Fig. 2. — Diagnostic hallmarks of ESCS on SD-OCT and full-field ERGs. A. Horizontal, 16.4-mm-long, SD-OCT cross-section from near fovea (F) into nasal (N) retina in the patient compared with a normal subject. Nuclear layers (INL, inner nuclear layer; GCL, ganglion cell layer) and outer photoreceptor laminae are labeled (1, outer limiting membrane; 2, inner segment/outer segment junction near the inner segment ellipsoid zone [ISe]; 3, interdigitation between photoreceptor outer segment tips and apical retinal pigment epithelium; and 4, retinal pigment epithelium, following conventional terminology. Asterisks are placed near hyporreflective cystoid spaces. Arrow points to vitreoretinal band or posterior hyaloid that separates optically empty spaces from a vitreous with reflective dots. B. Standard full-field ERGs in the patient compared with a representative normal subject. C. Light-adapted ERGs elicited with long-wavelength (637-nm, thin *gray traces*) and SW (467-nm, *thick gray traces*) stimuli matched (3 phot-cd·s·m⁻²) for L-M cone stimulation in the normal subject elicit grossly mismatched waveforms in the patient. Traces start at stimulus onset. Calibration bars are to the right of the traces.
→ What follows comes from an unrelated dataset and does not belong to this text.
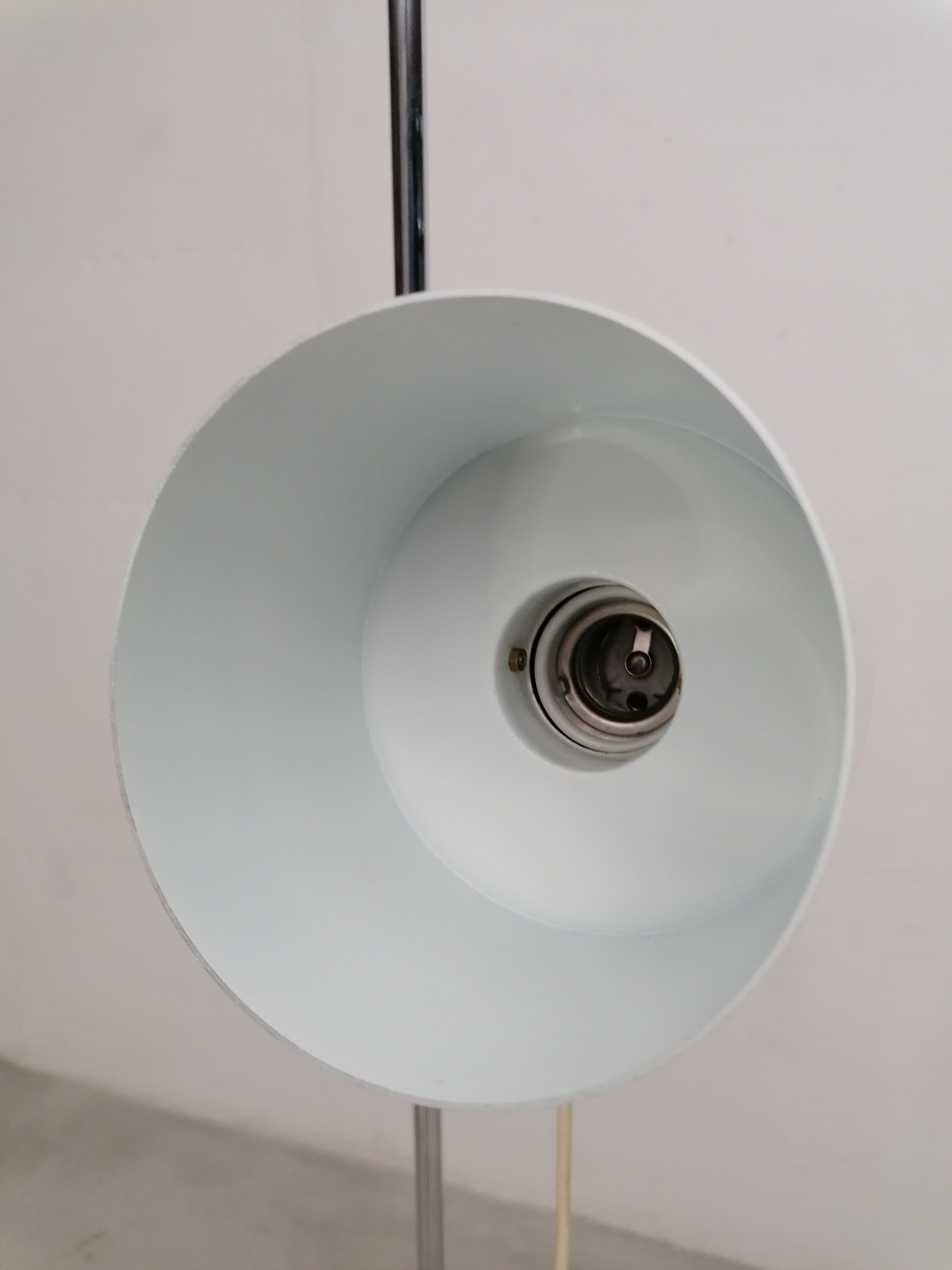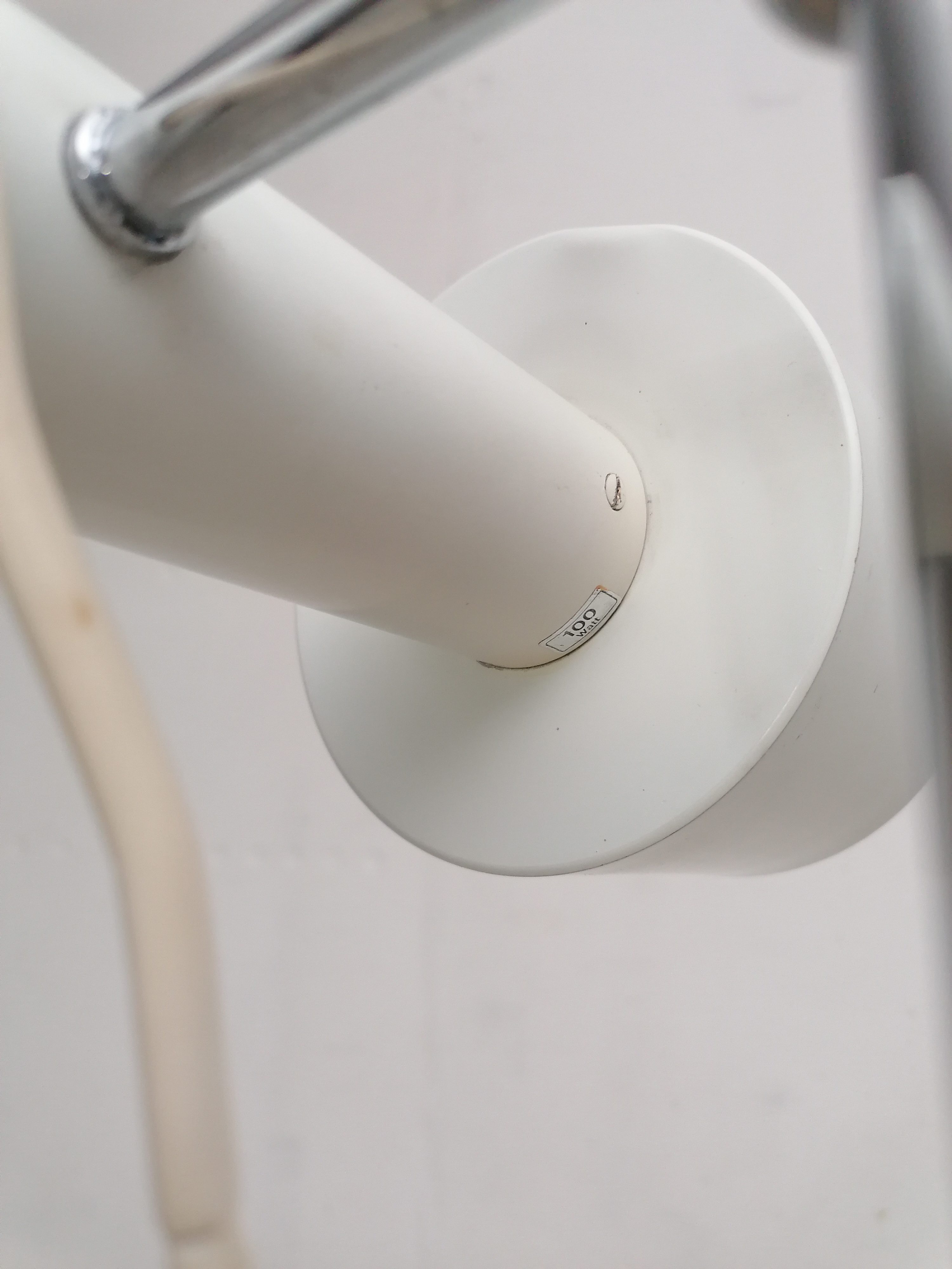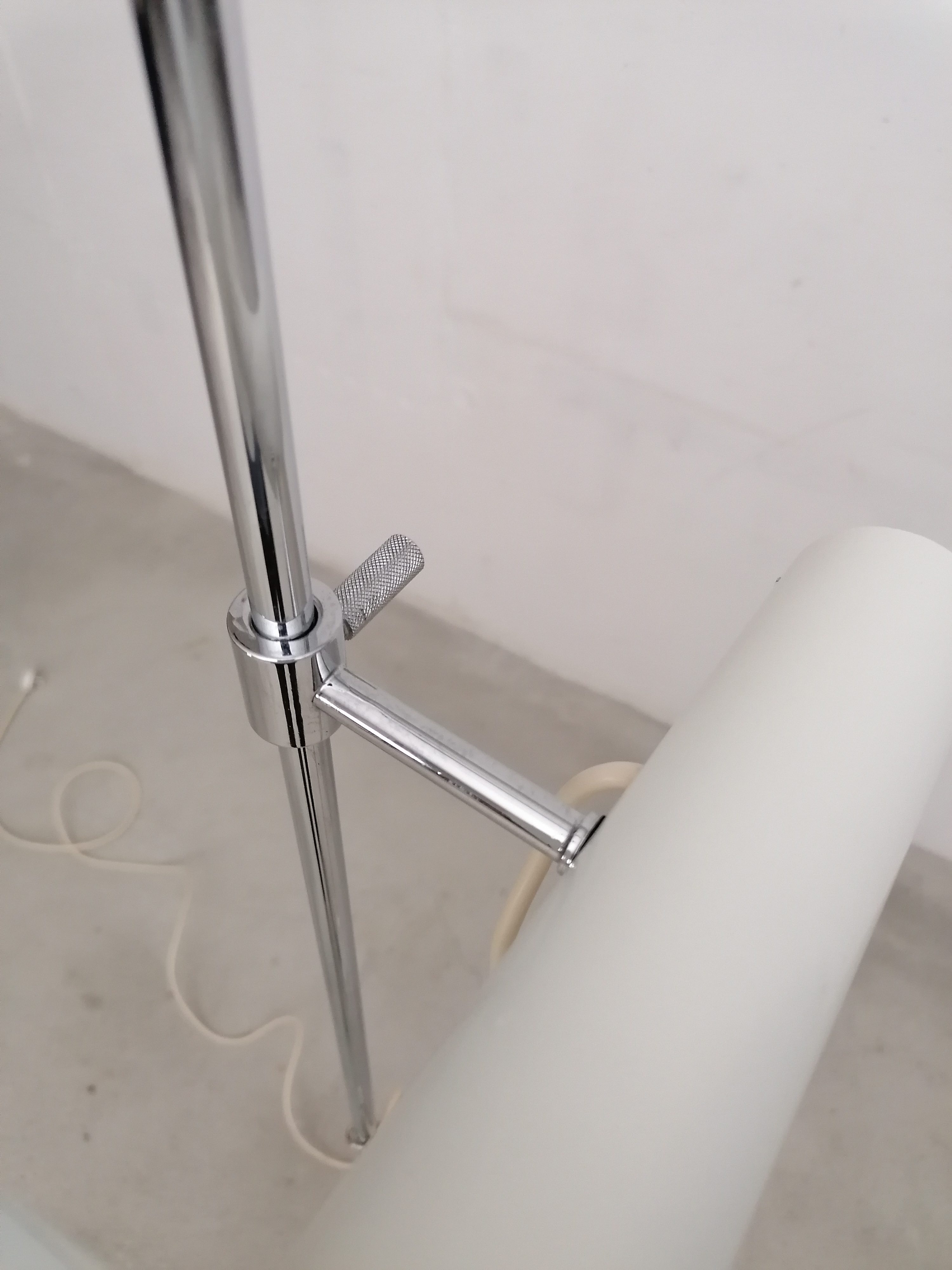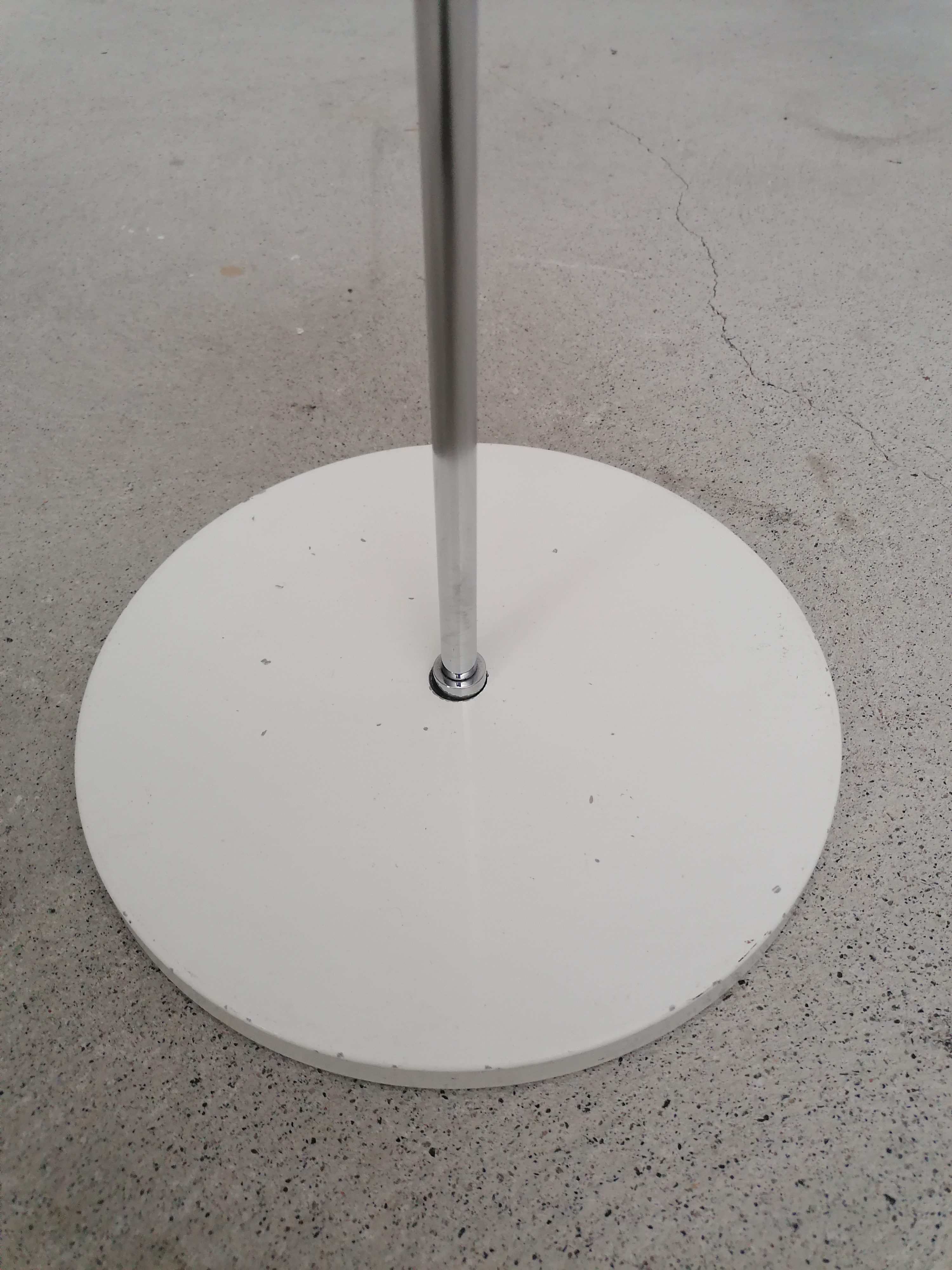 Produit venduLampe sur pied vintage avec spot et socle en métal blanc et tige en métal chromé. Le spot peut être orienté dans toutes les directions et la hauteur est aussi réglable. Quelques traces d’usure sont présentes ainsi qu’un léger beugne sur le spot (voir photos). Parfaitement stable et fonctionnelle.

Fig. 3. — A. Central retinal function and colocalized cross-sectional and cellular structure in ESCS. S-cone sensitivity profiles measured with a 440-nm stimulus on a yellow L-M cone adapting background compared with the normal range (gray band = mean ± 2 SD). Hatched bar: blind spot. B. Horizontal, 16.5-mm, SD-OCT through the fovea in the patient. Inset is an NIR-REF image with the location and orientation of the scan (*green arrow*). Asterisks denote cystoid spaces. Arrow points to transition zone where the ISe band becomes undetectable. Black arrow heads on the eccentricity axis denote locations where ONL thickness measurements from the patient (P) were compared with normal measurements (N) (plotted as vertical bars overlaid above SD-OCT cross-section). Scale bar is to the bottom left; (A and B) share the same eccentricity scale. C. AOSLO images from the patient with ESCS compared with a normal. Cone densities and cone spacing are denoted in panel. Cone density is approximately 2- and 3-fold higher than normal in the patient at 0.8 mm and 1.9 mm (~3° and 6°) temporal to the fovea, respectively. Scale bar: 25 μm.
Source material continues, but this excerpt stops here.